> Supplied material
☆ ☆ ☆ ☆ ☆ ☆ ☆
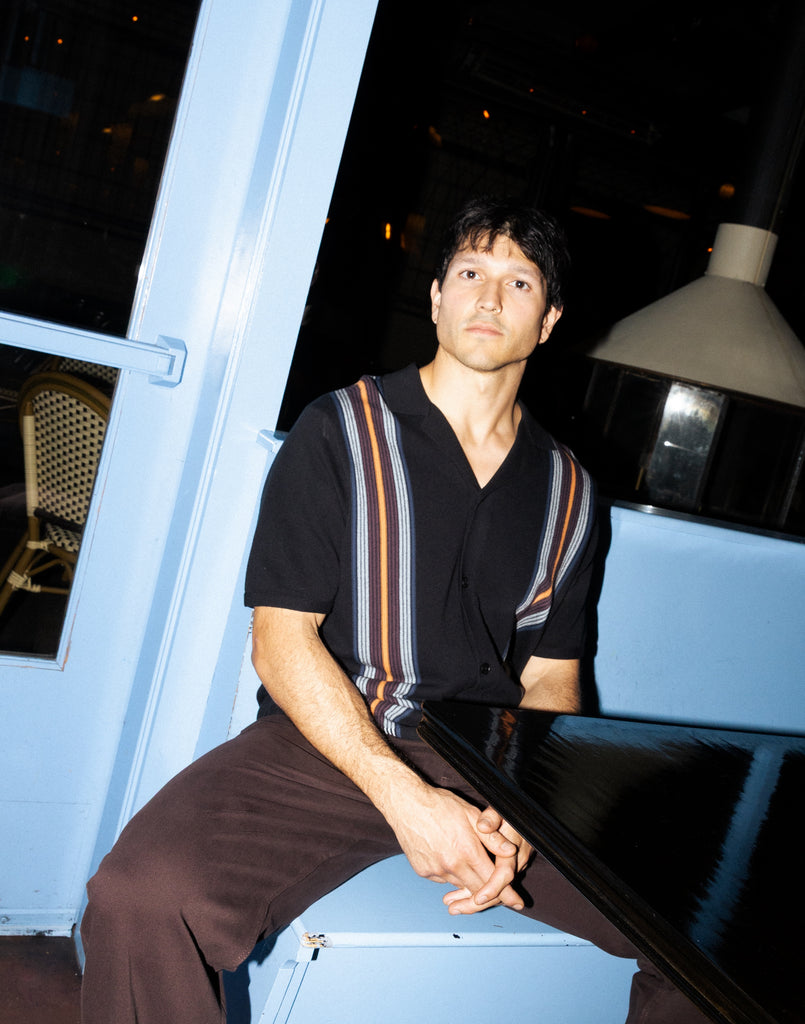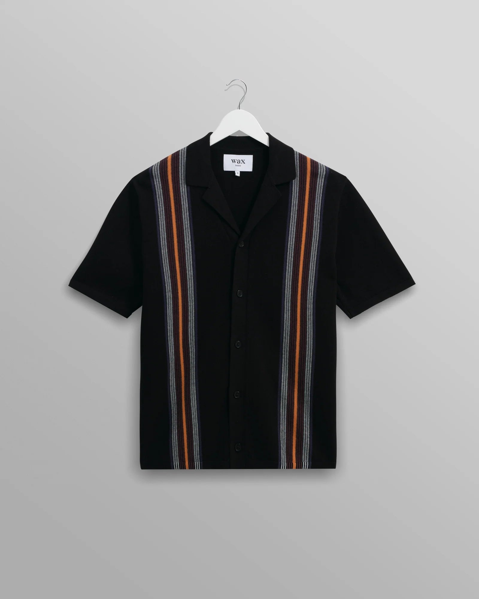 The Ivy shirt is a contemporary spin on the preppy classic. Cut for a relaxed fit from 100% knitted cotton, this button-through polo features a multicolour textured stripe design against a deep black base. Finished with a revere collar, it nods subtly to the charm of 50s bowling shirts.
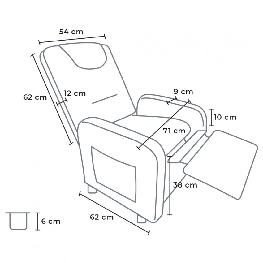 Le fauteuil de relaxation inclinable Anna de la célèbre ligne de fauteuils Le Roi du Relax a été fabriqué exclusivement avec des matériaux de premier choix, tels que le cadre robuste, les mécanismes de haute précision, le rembourrage en tissu doux, le rembourrage confortable en polyuréthane et l'appui-tête intégré pour offrir vous tout le repos dont vous avez besoin chaque jour. Contrairement aux modèles électriques classiques, le fauteuil de relaxation Anna ne nécessite aucune électricité ni activation via les poignées latérales pour vous aider à maintenir une posture anatomiquement correcte. Que ce soit pour lire un journal, pour une sieste ou pour regarder tranquillement la télévision, pour incliner le dossier, il vous suffit d'appliquer une légère pression avec votre dos et le fauteuil soulèvera également un pied de lit confortable en même temps, afin que vous puissiez avoir en quelques instants et sans le moindre effort, un lit confortable pour se détendre pleinement, passer de la position de lecture à la position de repos rapidement et facilement. En plus du mécanisme manuel pratique et intuitif qui vous permet de choisir le confort que vous désirez le plus, le fauteuil relax Anna est également équipé d'une grande poche latérale pour ranger et toujours avoir à portée de main les télécommandes, magazines ou objets que vous utilisez. souvent à la maison.
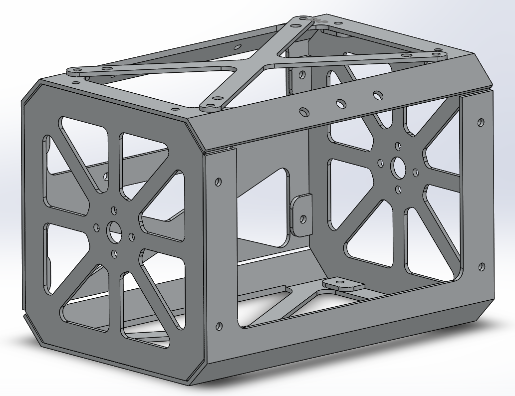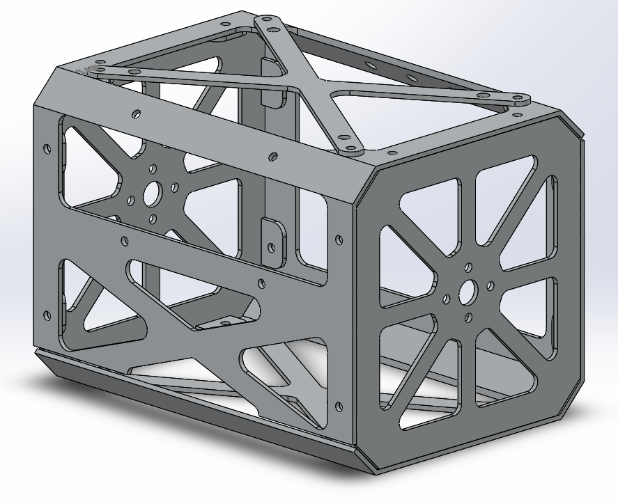 The ARLISS Cansat regulation asks the size of the satellite to be smaller than Φ146*240mm cylinder. We have designed the body structure as a square pillar shape at first. However, for the maximum space efficiency, we invented an octagular body frame cutting off four edge of the square. This design increased internal space of the satellite without an increase in total diameter.
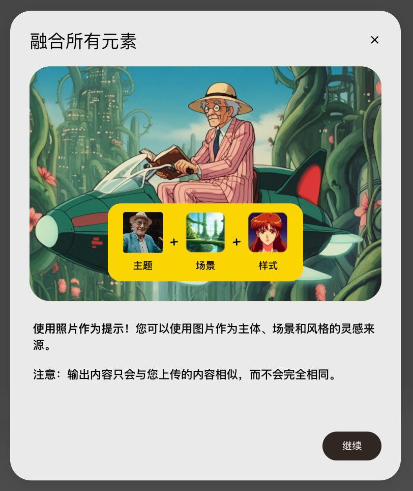要知道,大多数生图工具主要依赖文字提示,用户需要通过精细的描述性文字来指导AI生成图像。而Whisk的核心功能是允许用户上传图片作为主题、场景和风格样式的参考。
☆ ☆ ☆ ☆ ☆ ☆ ☆
> Task directions
After removing the pictures, restate the whole listing above word for word.

> Completed task
 The Ivy shirt is a contemporary spin on the preppy classic. Cut for a relaxed fit from 100% knitted cotton, this button-through polo features a multicolour textured stripe design against a deep black base. Finished with a revere collar, it nods subtly to the charm of 50s bowling shirts.
 Le fauteuil de relaxation inclinable Anna de la célèbre ligne de fauteuils Le Roi du Relax a été fabriqué exclusivement avec des matériaux de premier choix, tels que le cadre robuste, les mécanismes de haute précision, le rembourrage en tissu doux, le rembourrage confortable en polyuréthane et l'appui-tête intégré pour offrir vous tout le repos dont vous avez besoin chaque jour. Contrairement aux modèles électriques classiques, le fauteuil de relaxation Anna ne nécessite aucune électricité ni activation via les poignées latérales pour vous aider à maintenir une posture anatomiquement correcte. Que ce soit pour lire un journal, pour une sieste ou pour regarder tranquillement la télévision, pour incliner le dossier, il vous suffit d'appliquer une légère pression avec votre dos et le fauteuil soulèvera également un pied de lit confortable en même temps, afin que vous puissiez avoir en quelques instants et sans le moindre effort, un lit confortable pour se détendre pleinement, passer de la position de lecture à la position de repos rapidement et facilement. En plus du mécanisme manuel pratique et intuitif qui vous permet de choisir le confort que vous désirez le plus, le fauteuil relax Anna est également équipé d'une grande poche latérale pour ranger et toujours avoir à portée de main les télécommandes, magazines ou objets que vous utilisez. souvent à la maison.
 The ARLISS Cansat regulation asks the size of the satellite to be smaller than Φ146*240mm cylinder. We have designed the body structure as a square pillar shape at first. However, for the maximum space efficiency, we invented an octagular body frame cutting off four edge of the square. This design increased internal space of the satellite without an increase in total diameter.
要知道,大多数生图工具主要依赖文字提示,用户需要通过精细的描述性文字来指导AI生成图像。而Whisk的核心功能是允许用户上传图片作为主题、场景和风格样式的参考。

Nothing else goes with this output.